SDAFF Drive-In! presents BE WATER
Directed by Bao Nguyen- Asian American Panorama
- USA
- Documentary, Martial Arts
- English
- 2020
- 104 mins
SDAFF Drive-In! presents Bao Nguyen’s BE WATER on SUN Oct 25 @Zion Market. For more information, please visit SDAFF Drive-In!.
Immediately after the feature, there will be a pre-recorded bonus Q&A with director Bao Nguyen!
Only one ticket is required per vehicle.
Per SDAFF tradition, wearing costumes is highly encouraged!
Official Selection, 2020 Sundance Film Festival
Official Selection, 2020 Cannes Film Festival
For decades after his passing, Bruce Lee left behind a legacy that shaped the image of all Asian Americans–for better and for worse–that still reverberates today.
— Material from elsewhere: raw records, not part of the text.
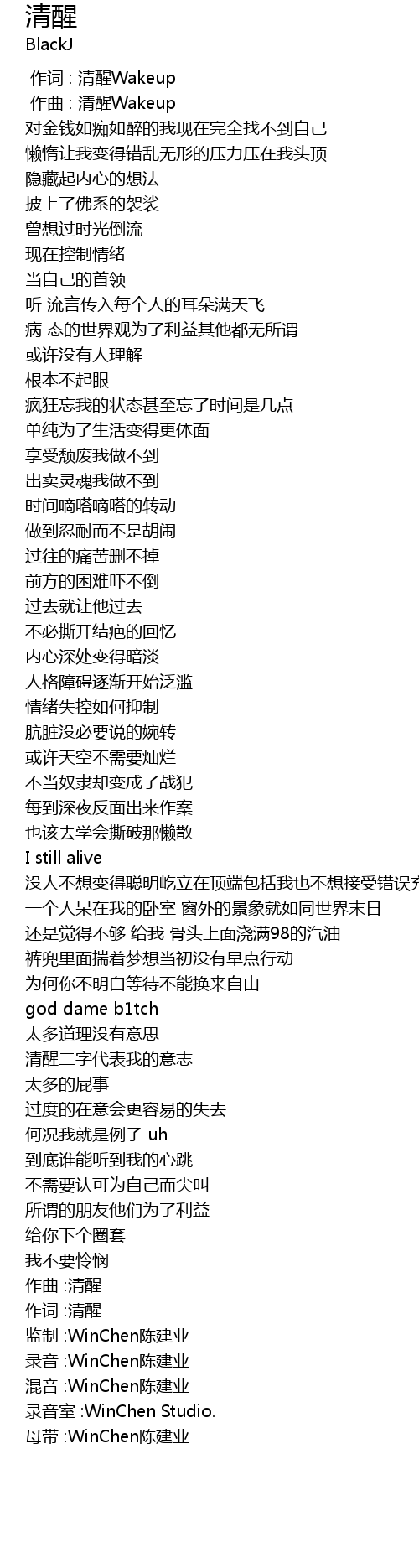 | [00:00.000] | 作词 : 清醒Wakeup |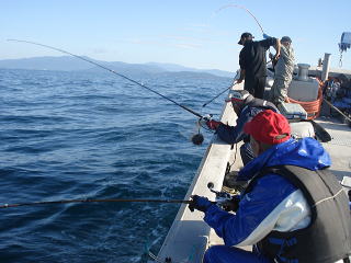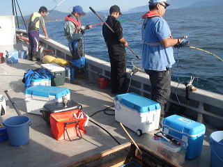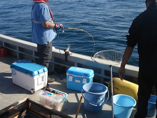 全部で8人の乗合で、エサは超高級なマイワシです。
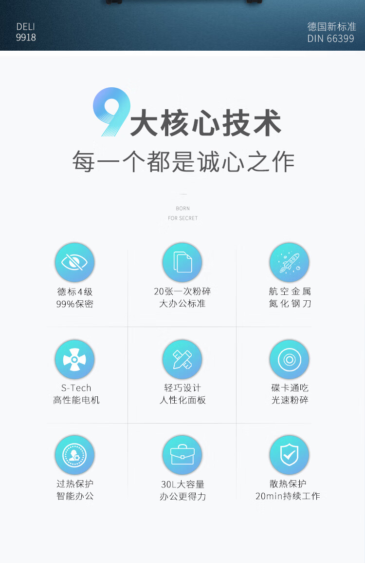 得力(deli)4级保密专业办公碎纸机(单次20张 30L 持续20分钟 可碎卡碎光盘)9918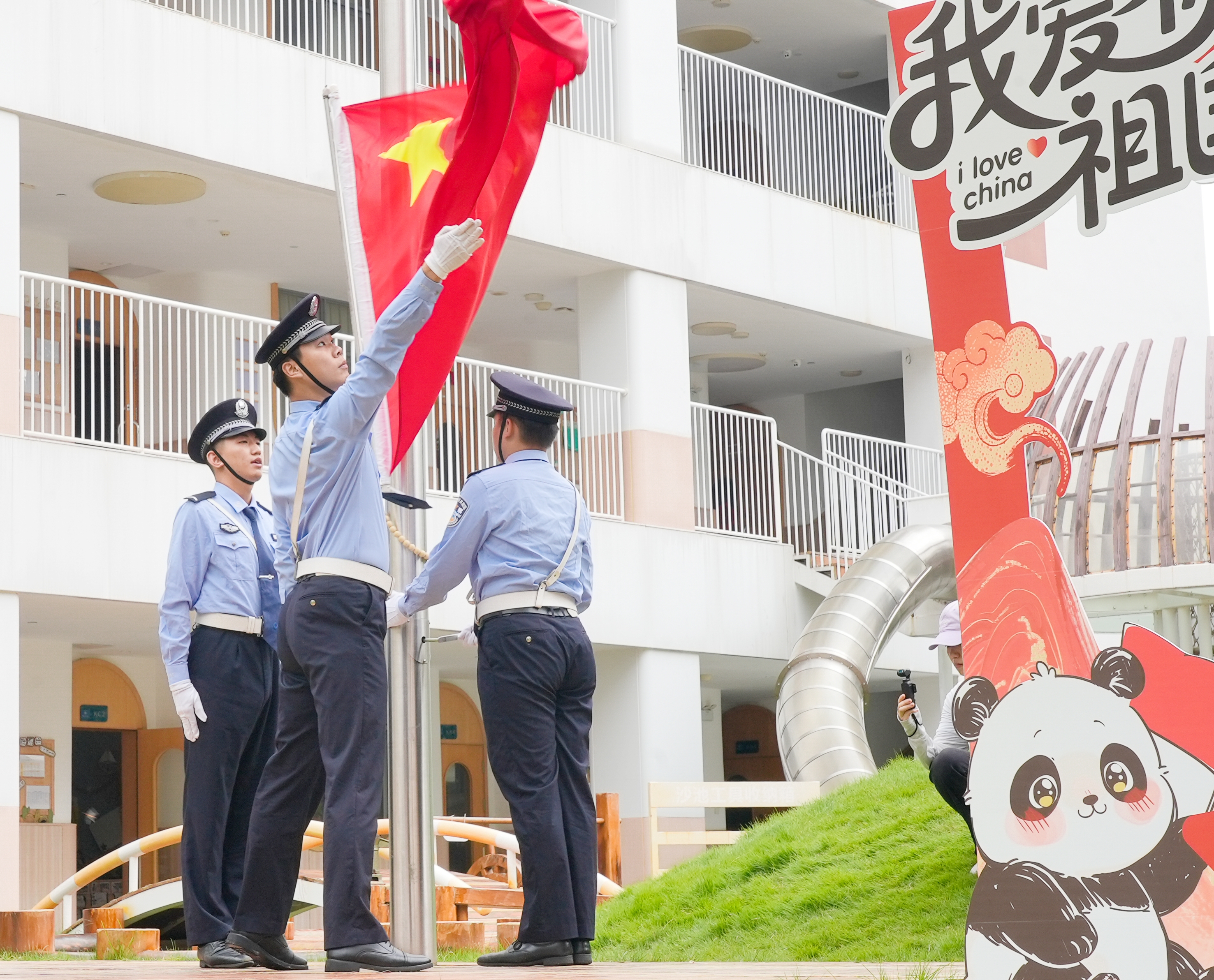 金秋送爽,丹桂飘香。9月30日,在南宁市美吉瑞幼儿园的诚挚邀请下,警务实战学院的学员们英姿飒爽地走进校园,为全体师生带来了一场庄严神圣的升旗仪式和一场精彩绝伦的警务技能战术表演。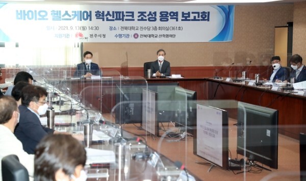 시는 13일 전북대학교 진수당 3층 회의실에서 김승수 전주시장과 김동원 전북대 총장, 권대규 전북대 창업지원단장 등 관계자가 참석한 가운데 ‘전주형 바이오 헬스케어 혁신파크 조성 기본계획 연구용역 최종보고회’를 개최했다.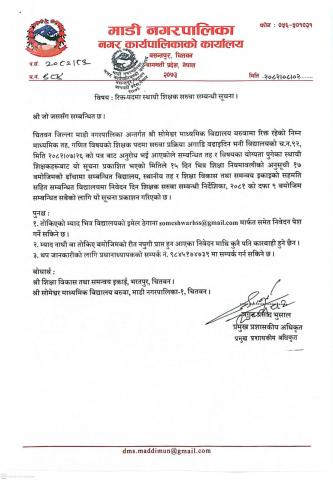 रिक्त पदमा स्थायी शिक्षक सरुवा सम्बन्धी सूचना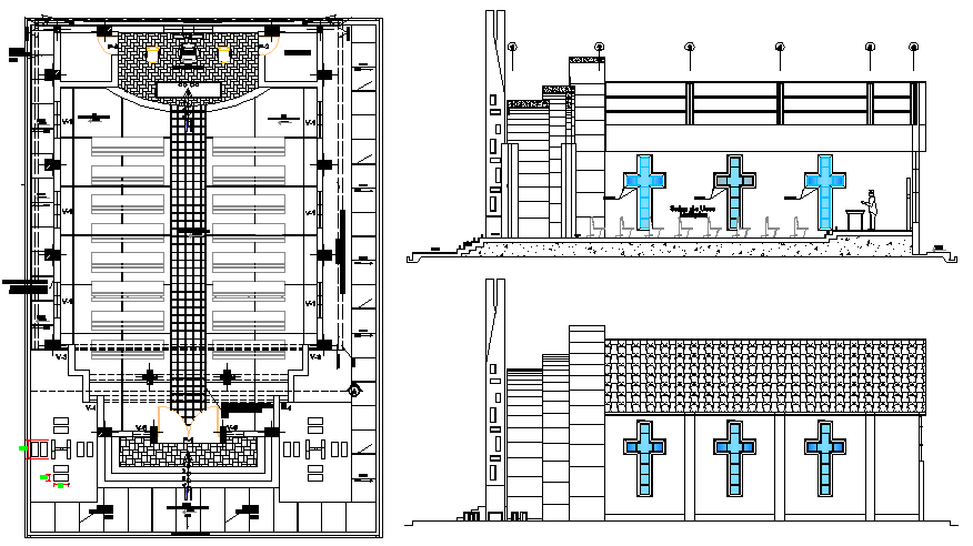 Church Architecture Design and Plan dwg file . Church Architecture Design and Plan that includes front and back elevations, side view, wall construction, elevation plan, walking path, entry lobby, prayer hall with chair, hall of uses, garden area and much more of church design.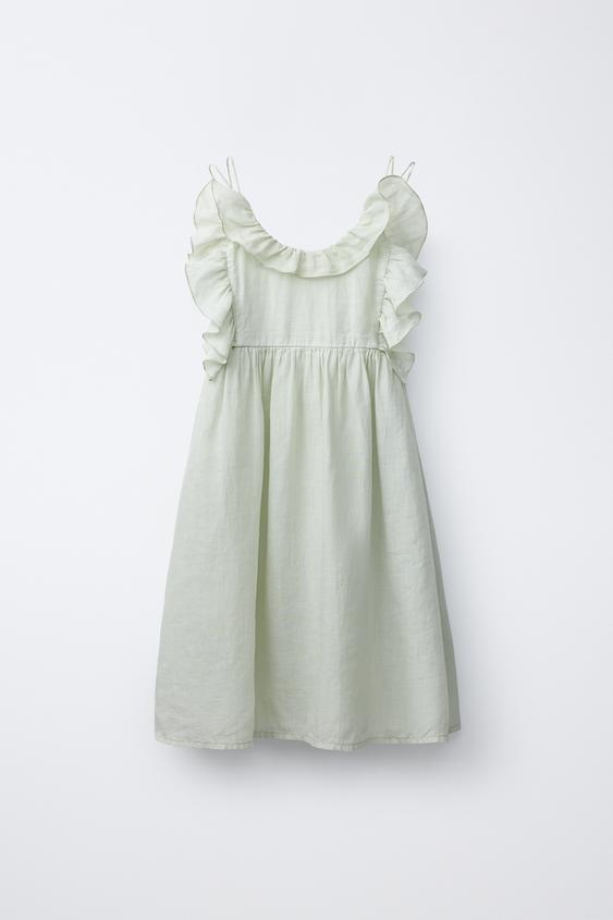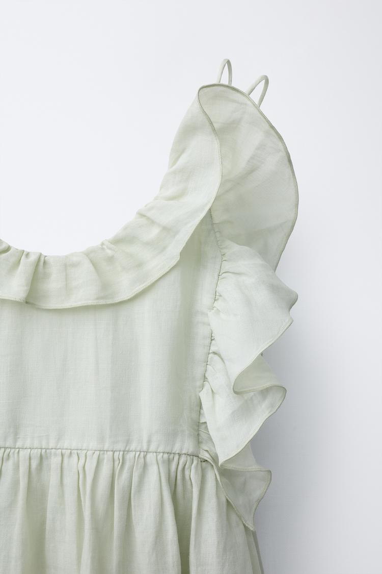 ZARA ПЛАТЬЕ ИЗ 100% РАМИ С ВОЛАНАМИ, ПАСТЕЛЬНО-ЗЕЛЕНЫЙ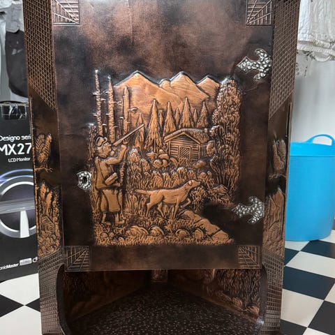 Skapet kan deles i to for lettere transport. Tungt skap. Står i første etasje med lett tilgang gjennom terrasedør.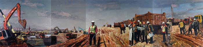 《晨曦——引江济淮工地掠影》作者:杨国新、项春生、赵振华、李峰 油画 2018年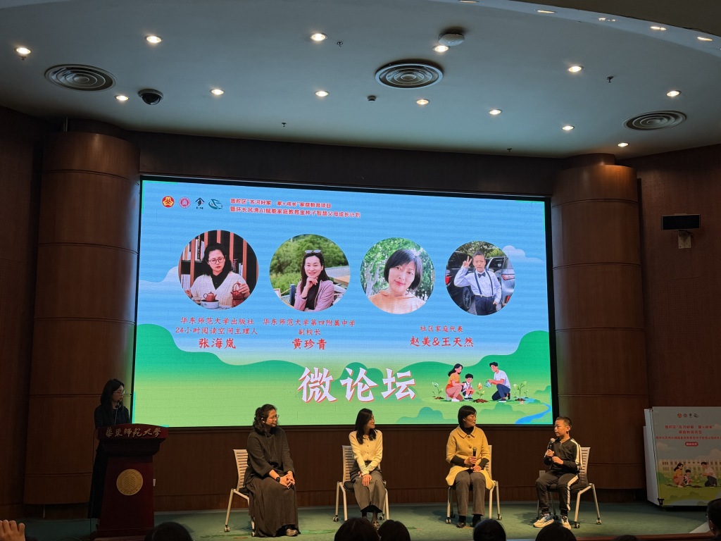启动仪式上,华东师范大学妇委会常务副主任、工会副主席刘婕向学员代表赠送了由“家+书屋”精心挑选的家庭教育经典书籍。在随后的微论坛中,张海岚与华东师范大学附属第四中学副校长黄珍青、社区家庭代表赵美和王天然,围绕“家+书屋在社会家庭教育中应发挥的作用”“构建家校社协同的家庭教育生态”等话题展开探讨。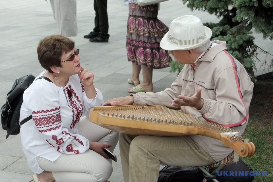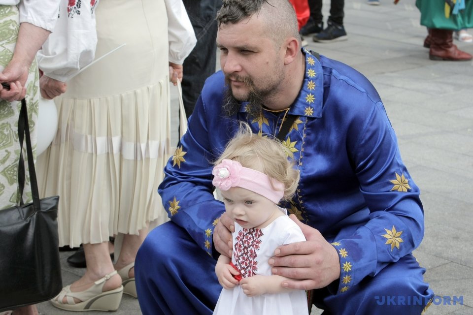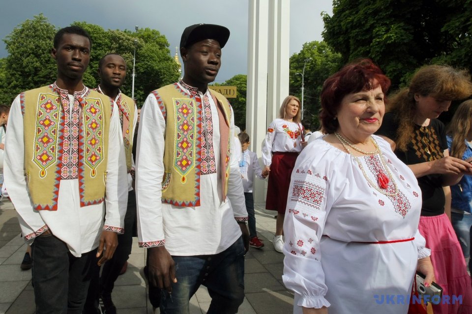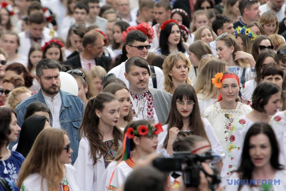 Затем колонна в вышиванках направилась по центру города на площадь Свободы, где также состоится концерт.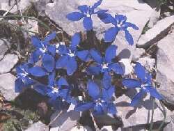 purple pansies (Viola calcarata?), Mountain Lungwort, Spring and Trumpet Gentians,

But Lee wasn’t just an icon, a master of his craft who exploded overnight. Unlike other tributes that cover familiar ground–glorifying his mastery and his crossover into the American mainstream–Bao Nguyen’s BE WATER fills an important gap, delivering a fascinating and specifically Asian American take on Lee’s importance. For this, BE WATER is easily the most well-rounded and relevant documentary about Bruce Lee today.
With new interviews and archival footage, Nguyen (Julian, SDAFF ‘12) is less focused on the martial arts and more on Lee’s offscreen battles. Bullying as a child. Learning to survive as a newly-arrived teenager in Seattle. Angling for Hollywood roles, failing, and eventually creating his own cinematic platform in Hong Kong. This is the biographical why behind Lee’s famous philosophies such as “Be water.” And the how behind Lee’s guru-like impact on folks from regular joe’s to movie stars.
Nguyen anchors these stories within a social and historical context that depicts an America that found it hard to embrace Bruce Lee, as well as the Asian Americans who came before him to build the American West. This is Bruce outside the action, sans yellow jumpsuit, as told by his wife, his daughter, his peers, and even an NBA legend. Nguyen goes further than Bruce Lee, the actor and the fighter, and delivers Bruce Lee, the man, for the culture.